Monday, March 27, 2006

2319 More ignorance about Christians

Robyn Blumner, a columnist for the St. Petersburg Times, writes from behind a shield of cultural bias about evangelicals today. She's upset that Bush claims ignorance about the various apocalyptic predictions for the Middle East. Well, doh! Who can keep track? If you get 3 Christians together, you'll get at least 2 viewpoints on end times, and the third (that'd be me or the President) will be clueless. (Actually, I won't take the paraphrase of a liberal columnist for anything the President said, but I'm giving her the benefit of the doubt here because she wants so badly to believe it.)

I'm a Christian and I'm not a tribulationist or dispensationalist. I couldn't tell a pre-trib from a mid-trib from a rapture prediction. And millions and millions of committed Christians don't see the modern day political entity called Israel as the one who benefits from all God's promises in the Old Testament.
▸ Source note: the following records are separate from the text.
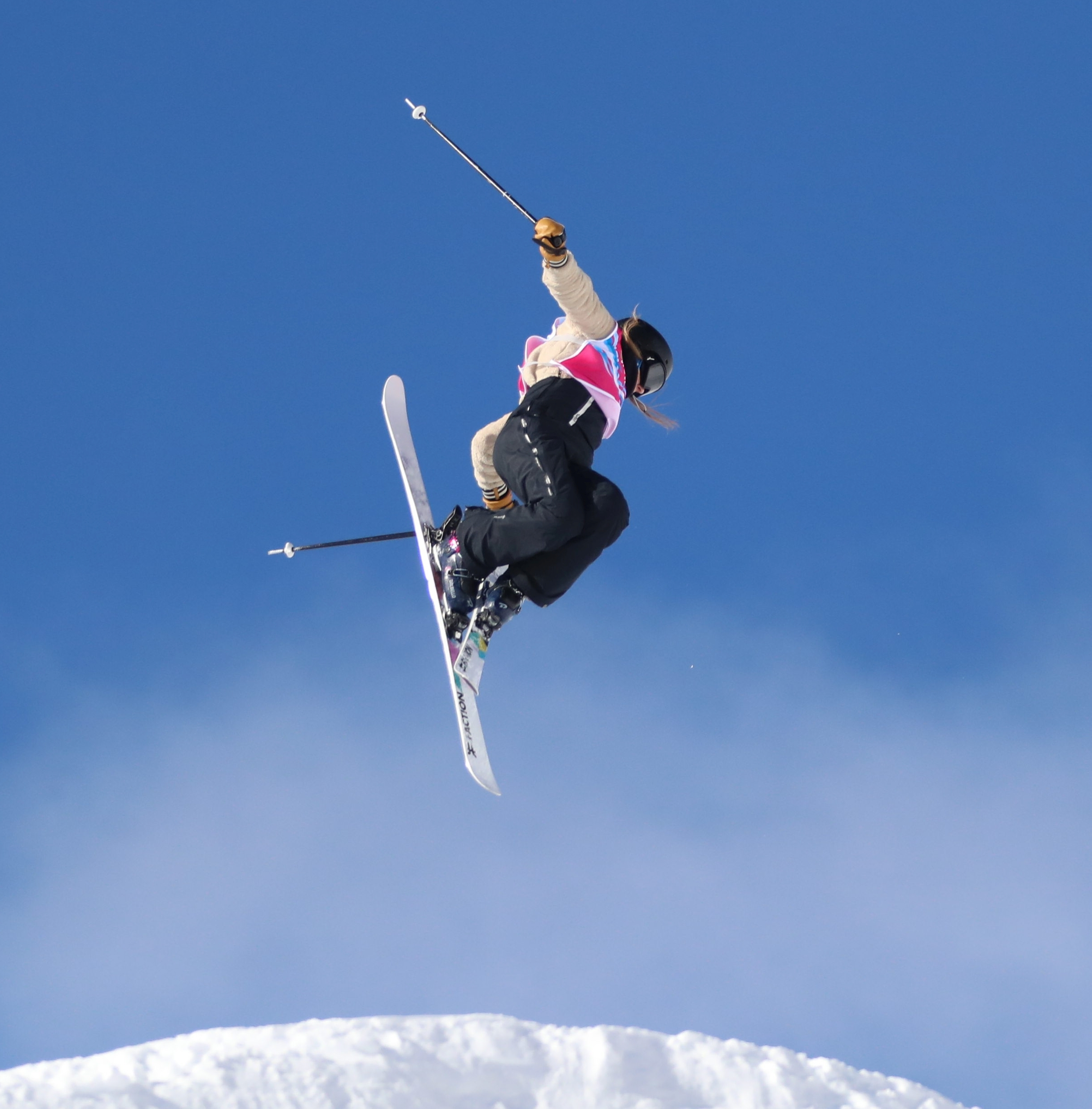 2nd final run of Freestyle skiing – Women's Freestyle Slopestyle at the 2020 Winter Youth Olympics in Lausanne on 18 January 2020.
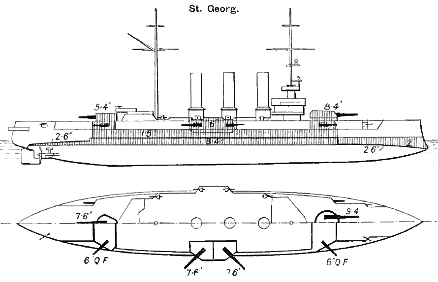 Elevation and deck plan diagrams depicting Austro-Hungarian SMS Sankt Georg amoured cruiser. Numbers on top diagram show armour thickness (shaded areas) in inches. Numbers on bottom diagram show size of guns in inches.
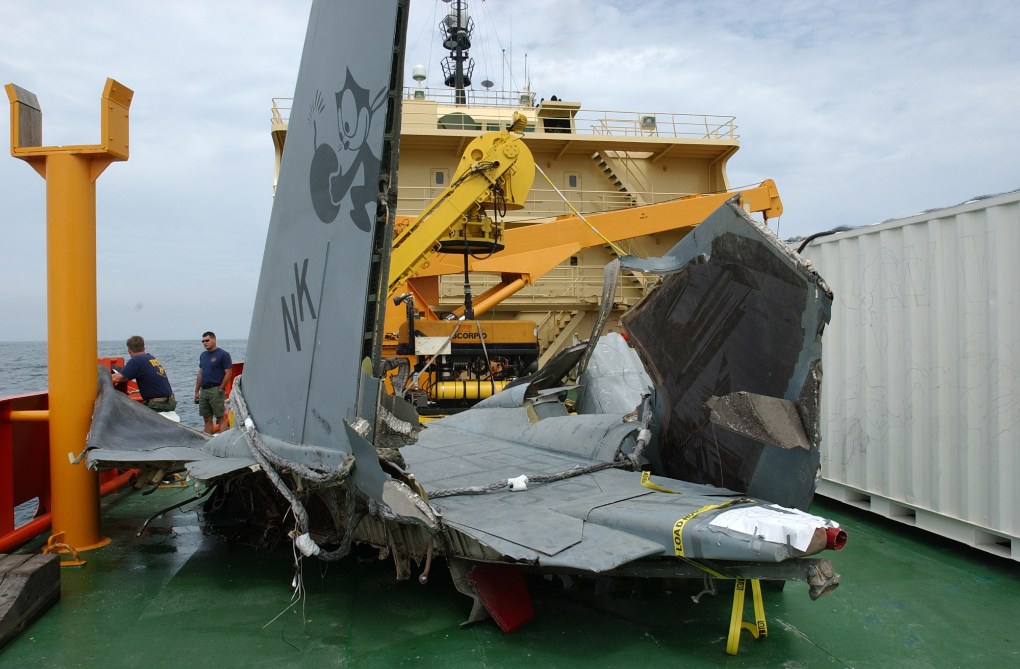 Pacific Ocean (May 7, 2004) - The tail section of an F-14D Tomcat assigned to the "Tomcatters" of Fighter Squadron Thirty One (VF-31) rests secured on weather deck aboard the Military Sealift Command (MSC) special missions ship M/V Kelly Chouest. The F-14D crashed into the ocean approximately two miles west of Point Loma, Calif., during a routine training mission from USS John C. Stennis (CVN 74) after experiencing engine trouble. The aircraft was diverted to land at Naval Air Station North Island, but crashed while trying to reach the air station. U.S. Navy photo by Geoffrey Patrick. (RELEASED)
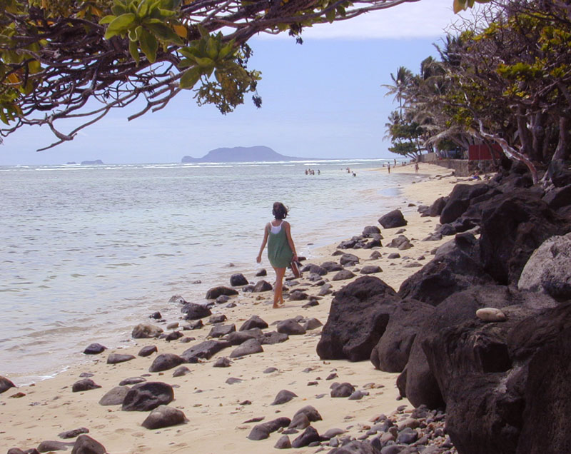 The beach at Ka'a'awa on Oahu, Hawaii. Photograph by Eric Guinther taken on July 30, 2000 and released under the GNU Free Documentation License.
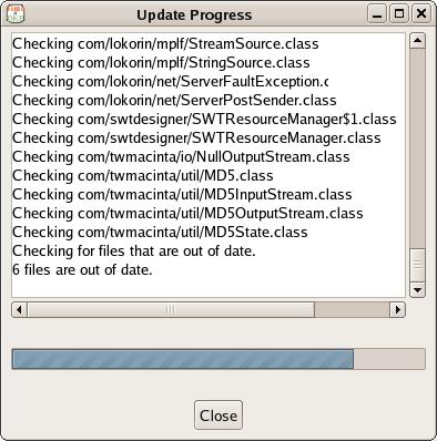 DKP Log Parser's implementation of a GUI for JUpdater's updating process.
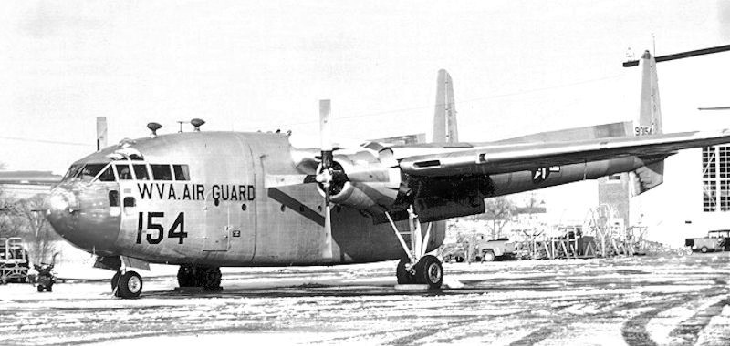 167th Air Transport Squadron Fairchild C-119C-14-FA Flying Boxcar 49-154 WV ANG. Retired to AMARC Sep 28, 1965
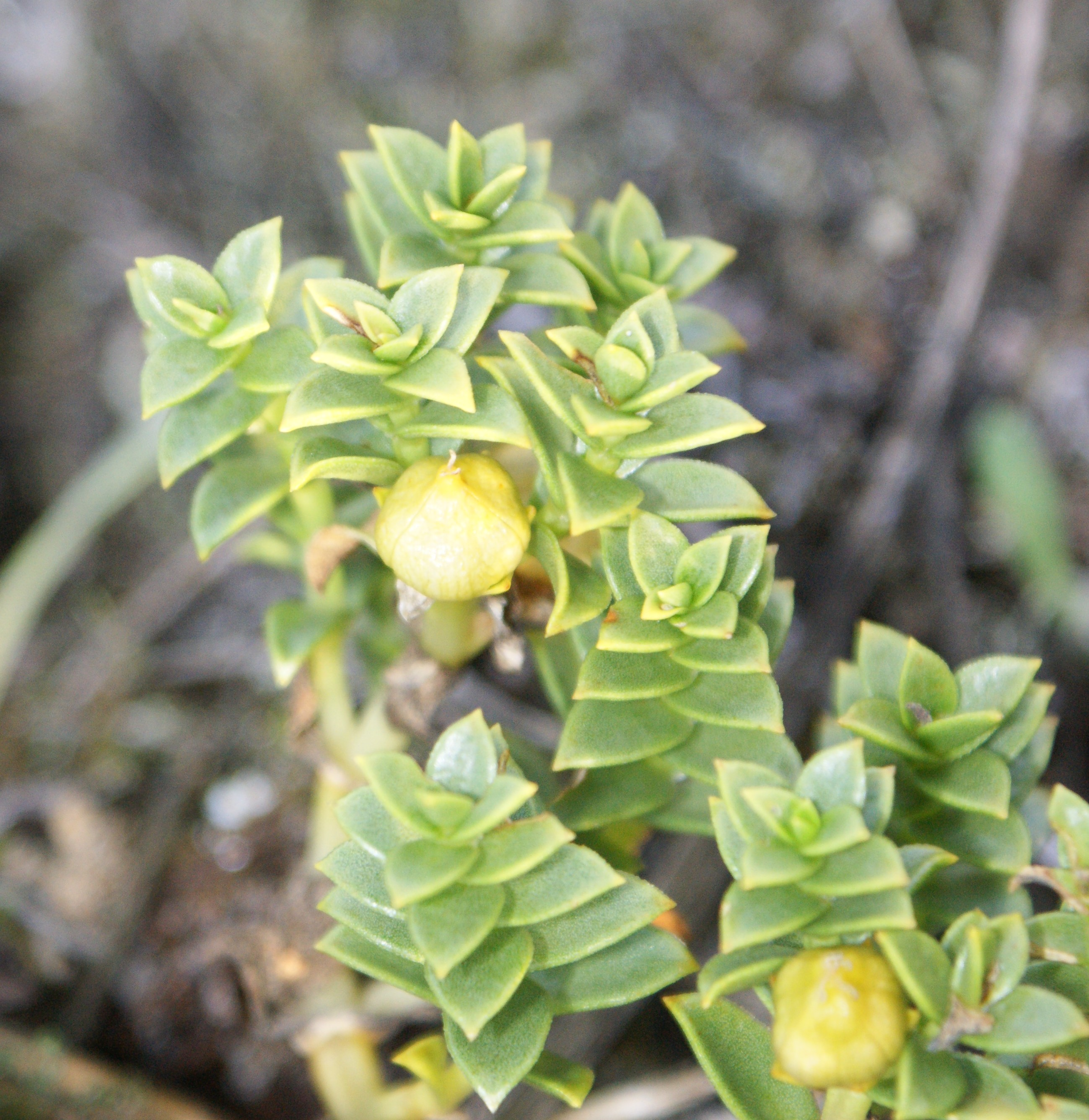 Honckenya peploides, fruiting. Darłowo (N Poland)
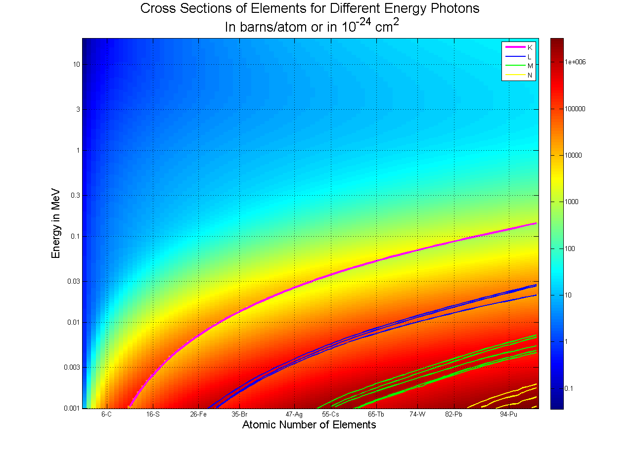 Cross-sections for photons in energy range from 1 keV to 20 MeV for Elements Z = 1 to 100. Based on [1]. Also shown are locations of photons absorption edges (and not Compton edges as mentioned in the comments from the Matlab code).
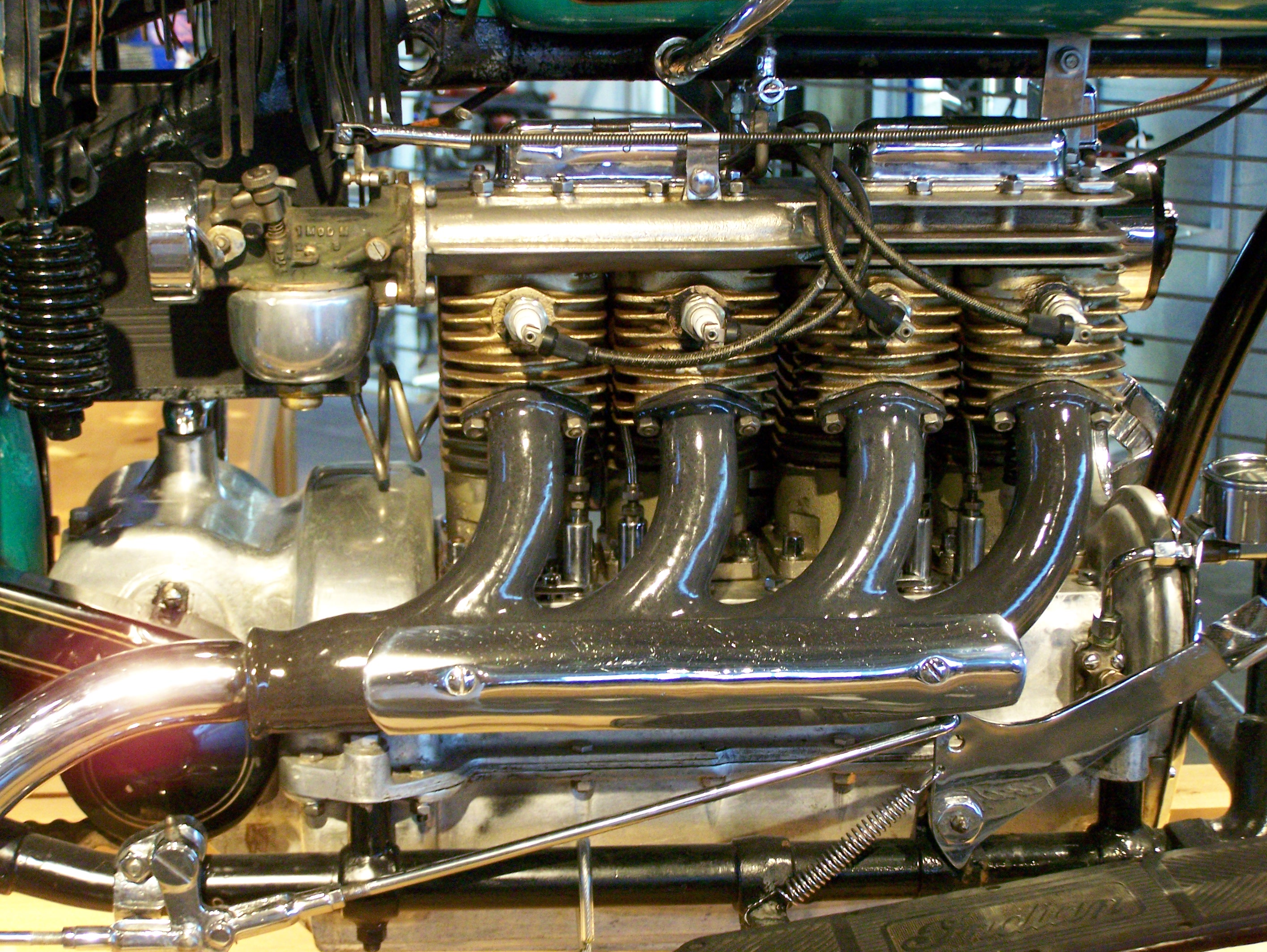 Engine on an Indian Four at the Barber Vintage Motorsports Museum
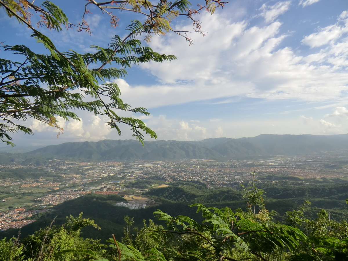 City of Guatire, state of Miranda - Venezuela. With the Venezuelan Coastal Range.
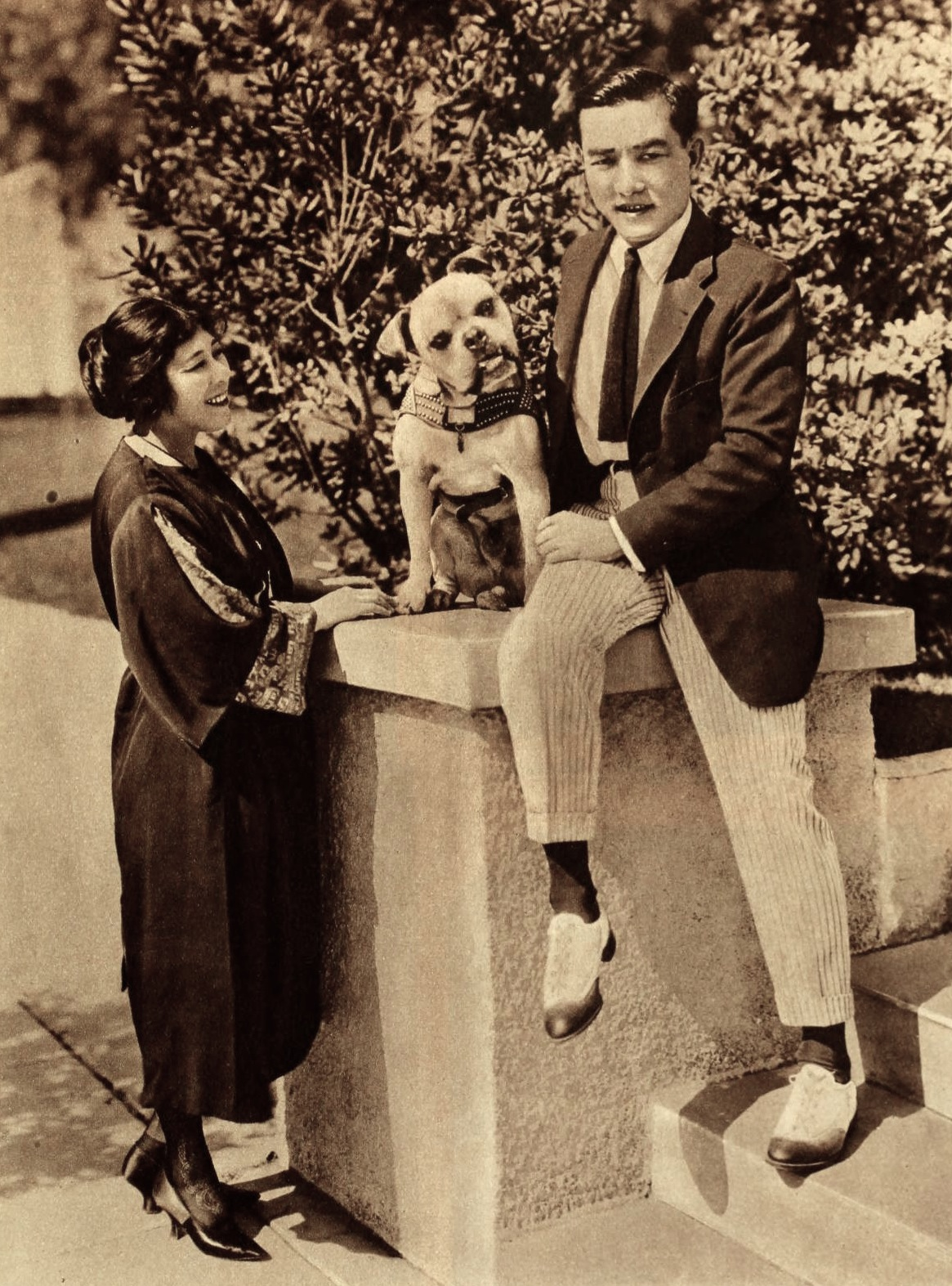 Sessue Hayakawa and his wife Tsuru Aoki and the dog "Dynomite", on page 51 of the January 1922 Photoplay.
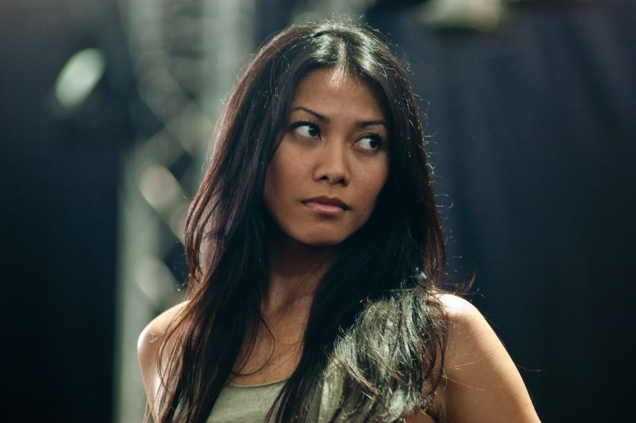 Indonesian singer Anggun at Fete de l'Espoir, Geneva, Switzerland, May 2005
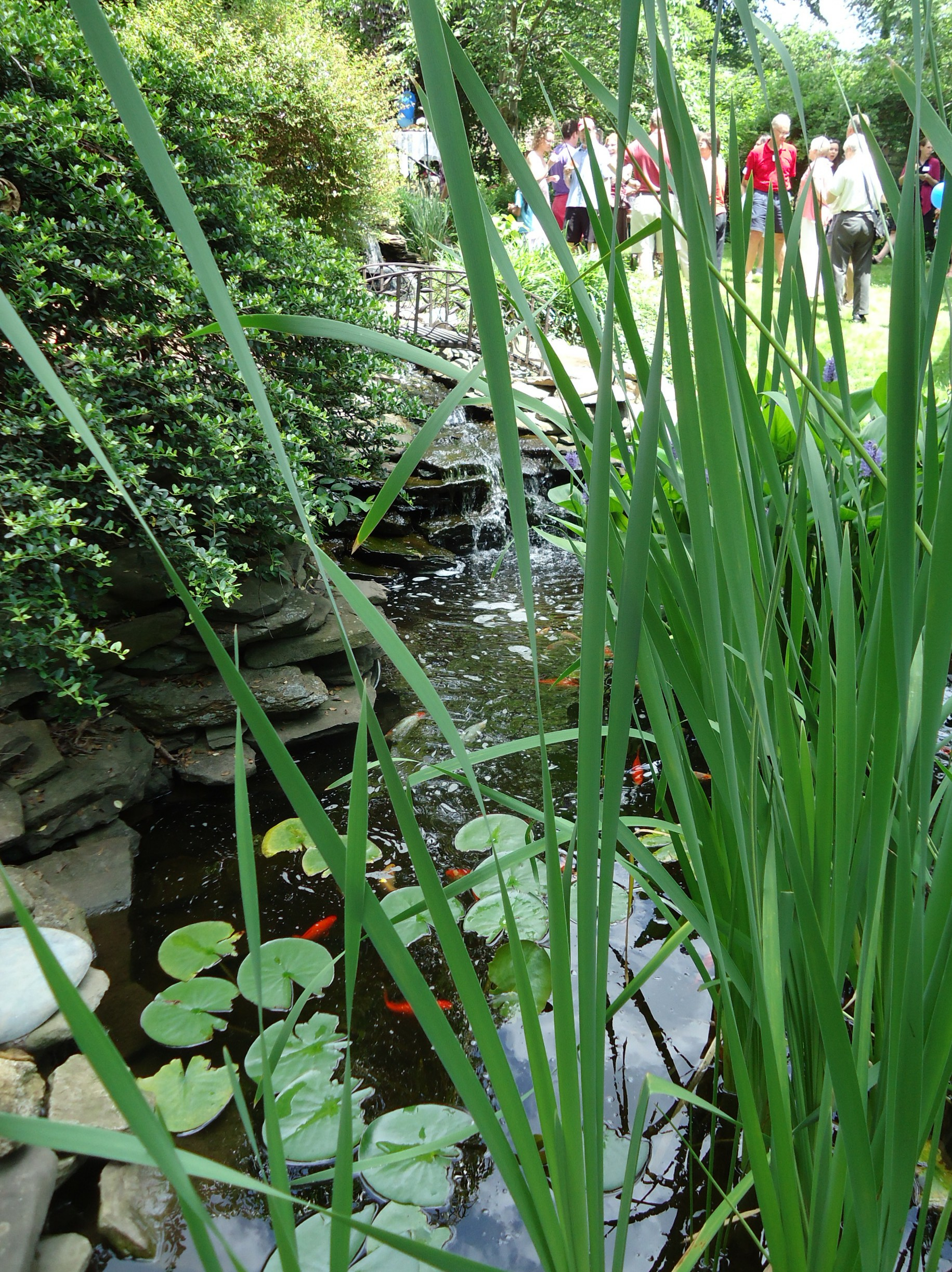 Garden pond with cattails and waterlily pads, and a waterfall. On a beautiful June afternoon in Summit, New Jersey.

I know this; and I think the President does too. Someday Jesus is coming back. I know that because, like the song says, the Bible tells me so. I'm supposed to be ready and busy, because it could be tomorrow, or it may never happen in my life time (in which case I don't need to worry). I don't need to read the newspaper headlines, the Christian bloggers or the stars to believe this.

She's right that many dispensationalists voted for Bush. Like most of us, Christian or not, they probably couldn't figure out where Kerry stood on anything or stomach abandoning the Iraqis the way his post-Vietnam record (did you know he served?) would predict a similar diaster in this century. However, I'm guessing there's a few more issues conservative Christians have in common with the President other than support for Israel. They may have even hoped he'd keep on task about saving social security and securing the borders. Note to Robyn: brush up on what Christians believe. We're not peas in a pod.